Before I hammer feedback again, let’s break down the flow chart briefly.
Curiosity:
Remember the story of the stone mason? Failure on the 100th strike, with success on the 101st? The non-curious never turn over enough stones to find the gold. Among the most curious you’ll find the 100+ reps with nothing to show for it. You’ll also find that their success stories make so much sense in hindsight. J.K Rowling, among others, come to mind.
Investigation:
Investigation is the vehicle which transports you from curiosity to application. In the golf swing and course management just the same as our careers and relationships- consistent investigation exposes our weaknesses. Properly harnessed, it sets up your personal to-do list.
Application:
The true art is in the application. We all know someone with unconventional methods. We all swing it a different way with different feels, different drills, and a different understanding of how to put together the final product. If the application is not informed by the previous two points, you’re headed to a different destination.
& of course, Repeat.
The question that I ask myself often is “how do I structure my life to receive feedback like I did on the golf course?” My fitness band is a great example. A long Nebraska day ending with a pack of col’beers will lead to a morning in the red. It just will. I’ll see white when I stand up. I’ll be fighting for my life in that unforgiving sun, being peppered by the sand. Curiosity sparked the purchase, investigation is simply paying attention, and the application is to change the behavior if you want a different result.

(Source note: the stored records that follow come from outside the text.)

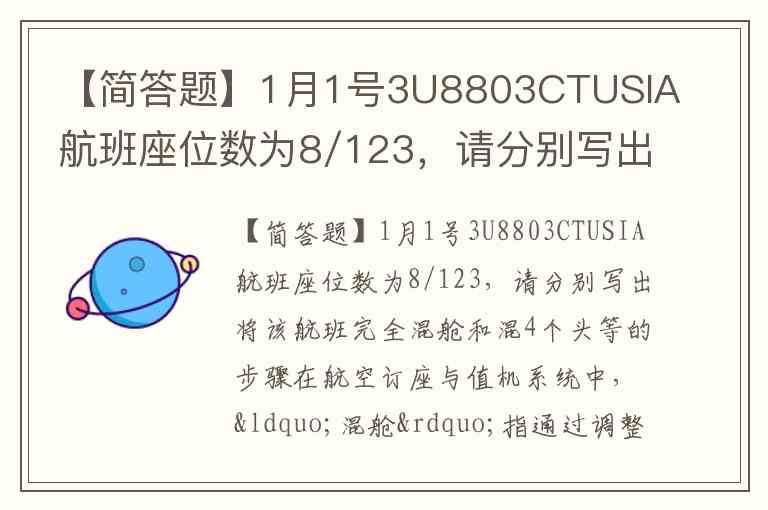 【简答题】1月1号3U8803CTUSIA航班座位数为8/123,请分别写出将该航班完全混舱和混4个头等的步骤
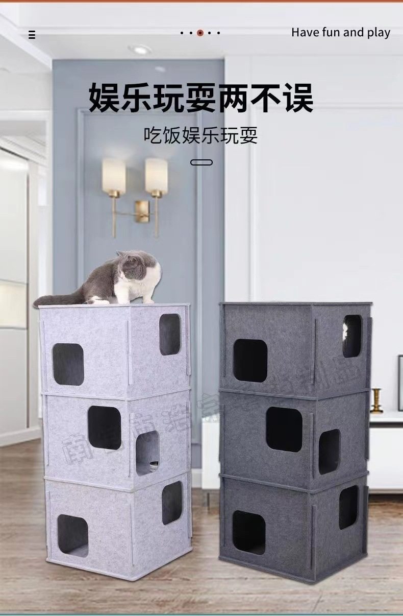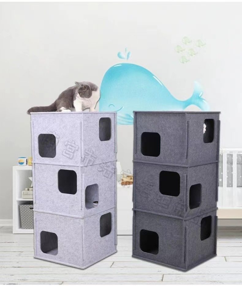Stacking Fun Cat Maze Cat Tunnel Cat Nest Toy Climbing Frame Hide-And-Seek Hole Felt Cat Scratching Board Educational Game
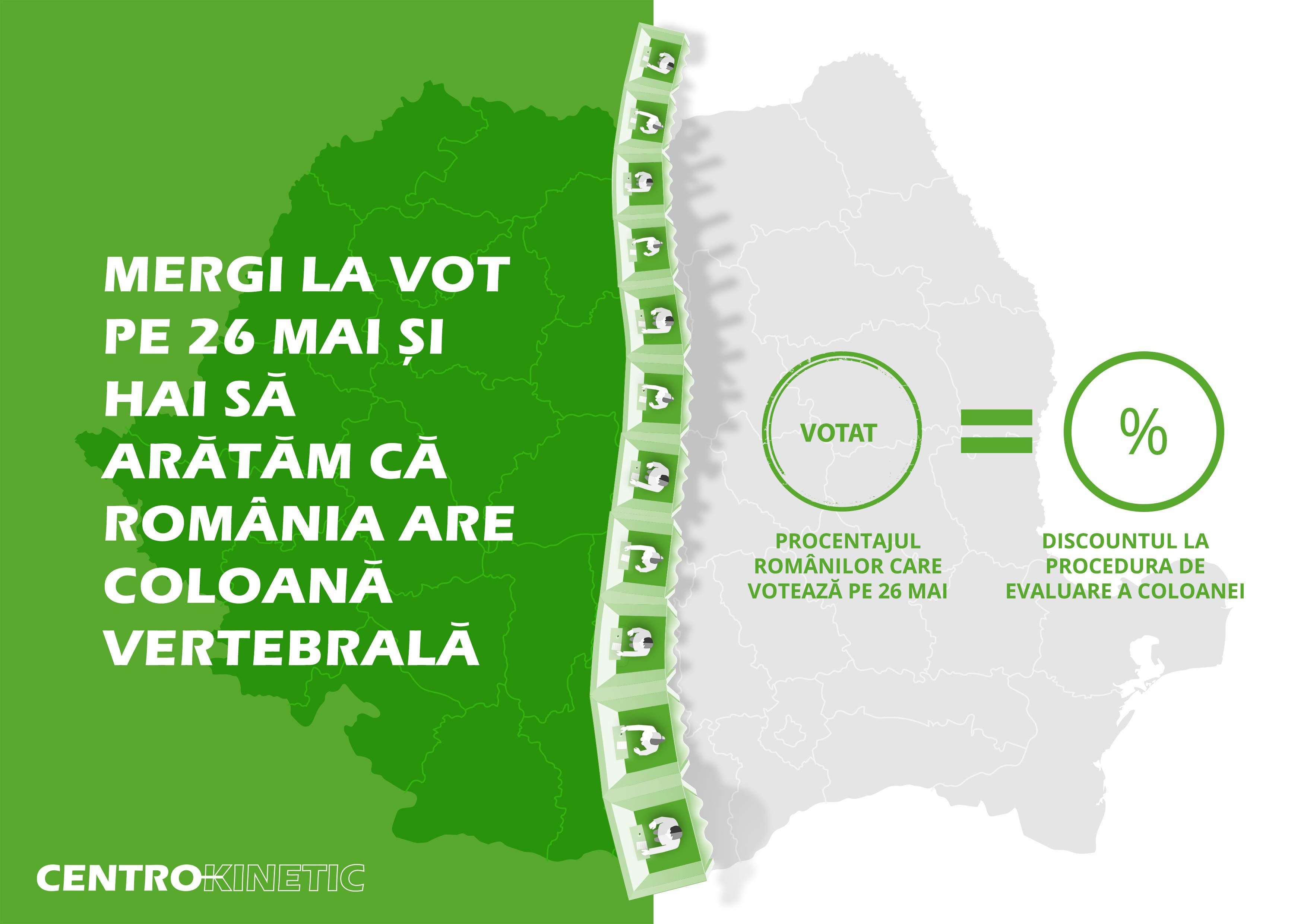 Pentru a incuraja prezenta la vot in randul romanilor, Clinica de recuperare Centrokinetic a lansat campania "Romania are nevoie de coloana vertebrala" si anunta ca va oferi, pe tot parcursul lunii iunie, un discount egal cu prezenta la vot a romanilor la alegerile europarlamentare.
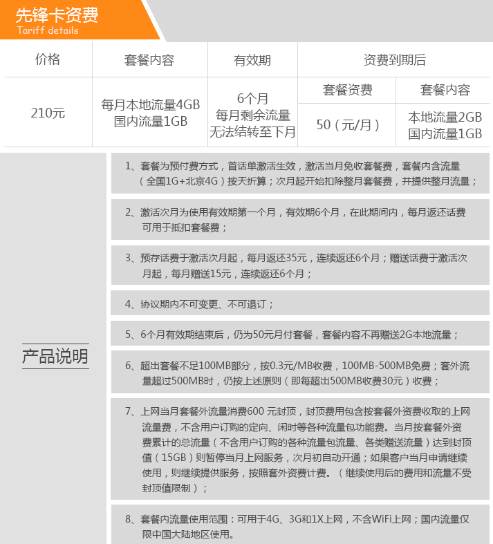 这个套餐感觉就是跟移动极速卡PK的,不过是半年卡(激活当月免费用,流量按天折算,所以最多可以用7个月),网上营业厅卖210元,正是极速卡优惠价的一半。每月本地4GB、全国1GB,相比联通本地少一些、漫游多一点,差不多也够了。折合每GB 7元,但不如人悦卡一年有效那样灵活。更合适对漫游流量有意愿的人。不过不建议续费,不但应按50元/月的资费续,本地流量还降低2GB(按官方说法之前是赠送的)。京东目前卖179元。
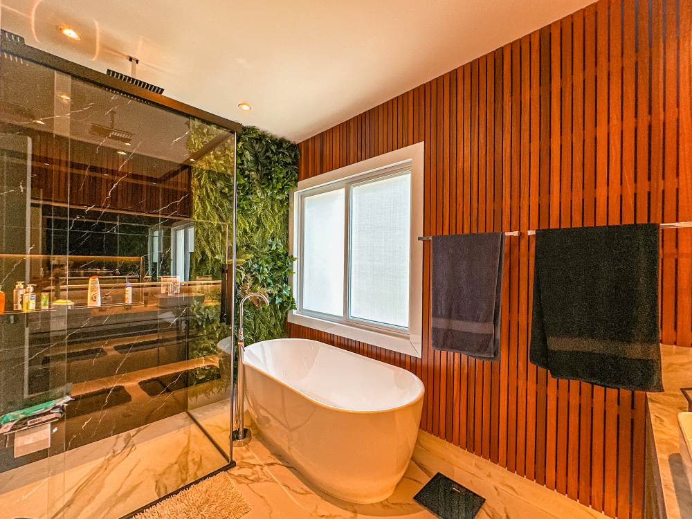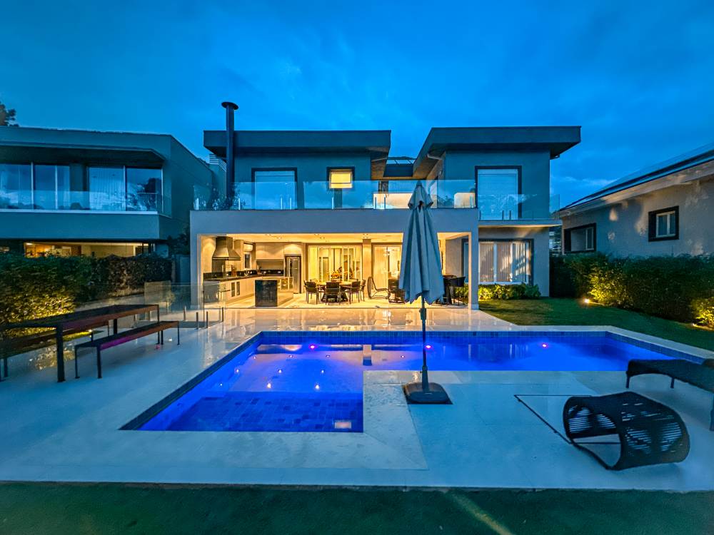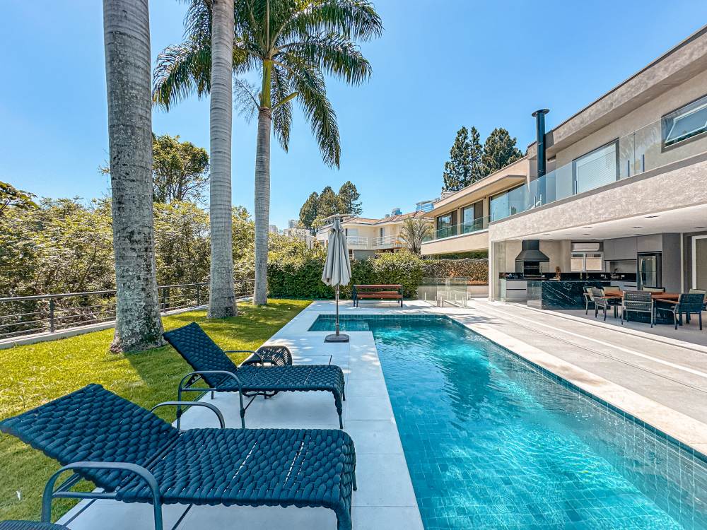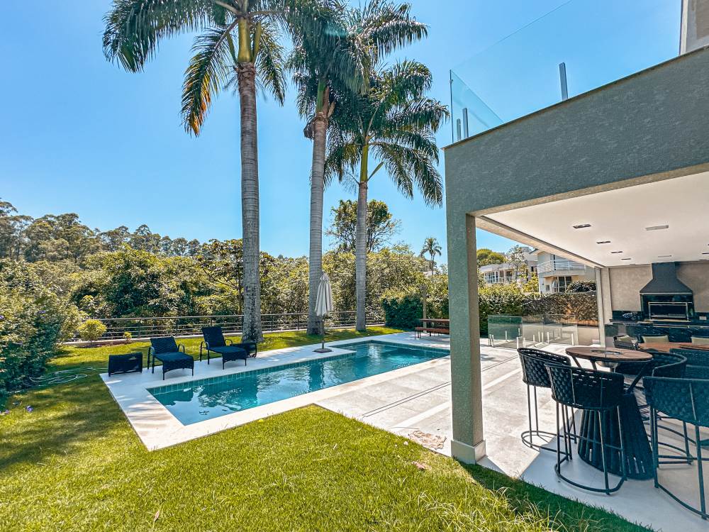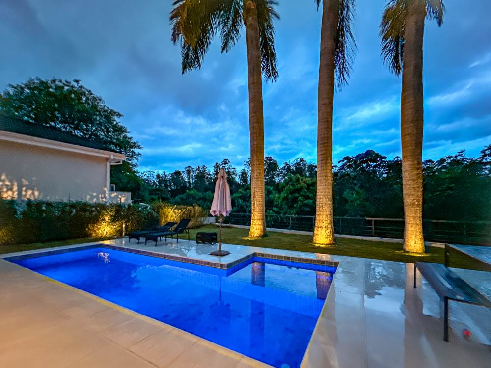 Piscina aquecida e iluminação em Led, fundo pra reserva ambiental,
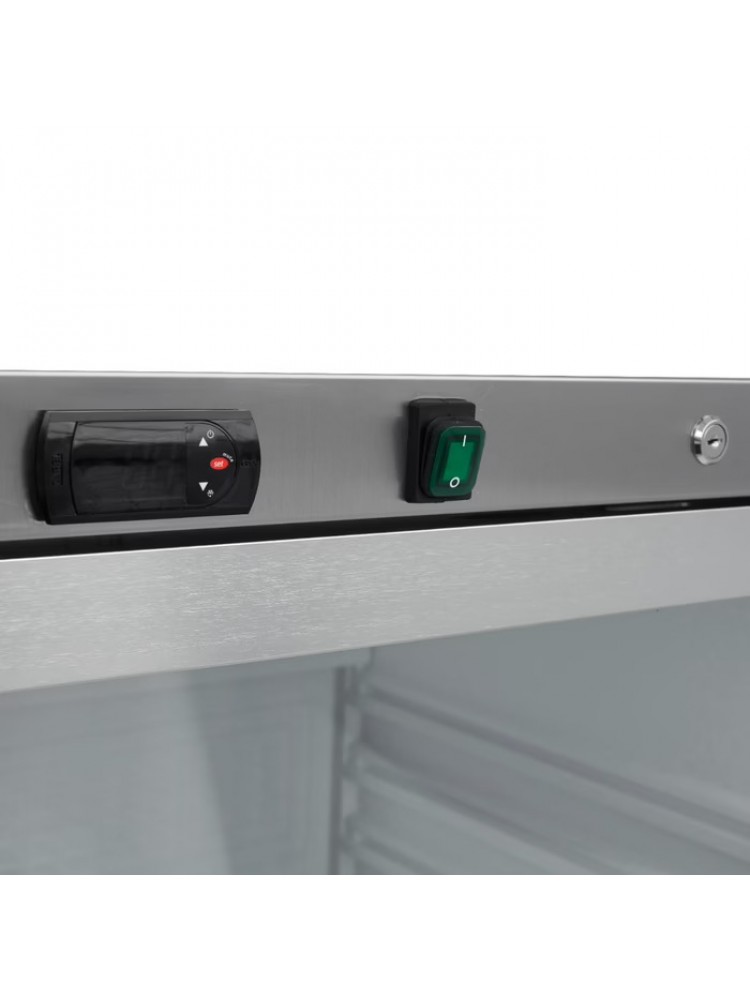Material construído em aço inoxidável, controlo eletrónico da temperatura, ciclo de arrefecimento para evitar a formação de gelo, prateleiras reguláveis e fechadura.

Comparatively, you could say the same for going for par fives, aiming at flagsticks, or taking on shots you know have fractional chances of working out. Over time, these choices manifest into scores that don’t lie.
What Now?
All of us are here reading this because we have some tie to the game. If you haven’t been blessed with a round at sunset with your best friends, made an important putt coming down the stretch, or even choked a lead away, I’m surprised you’ve found your way here.
As I navigate my mid twenties, I’m consistently the least educated and practiced in the room. Getting out on the golf course is like receiving a software update, as lessons I’ve learned before seem to re-download and filter into my professional and personal life. This is why I believe golf is a necessary supplement.
The Abbey is a public golf course in central Florida where I play. I walk barefoot with 3-4 clubs, and try to pick away at hitting the shots I could once hit repeatedly. It’s therapy in the truest sense, and I would be worse off without it. Similarly, playing 9 holes after work at Landmand’s sister course Old Dane with my colleagues and brothers instilled memories I look back on frequently. So much so, that they affect my life now in a very real way.
Using golf as a proxy for experiences and lessons is a valuable tool. Find your opportunities and f*****g send it.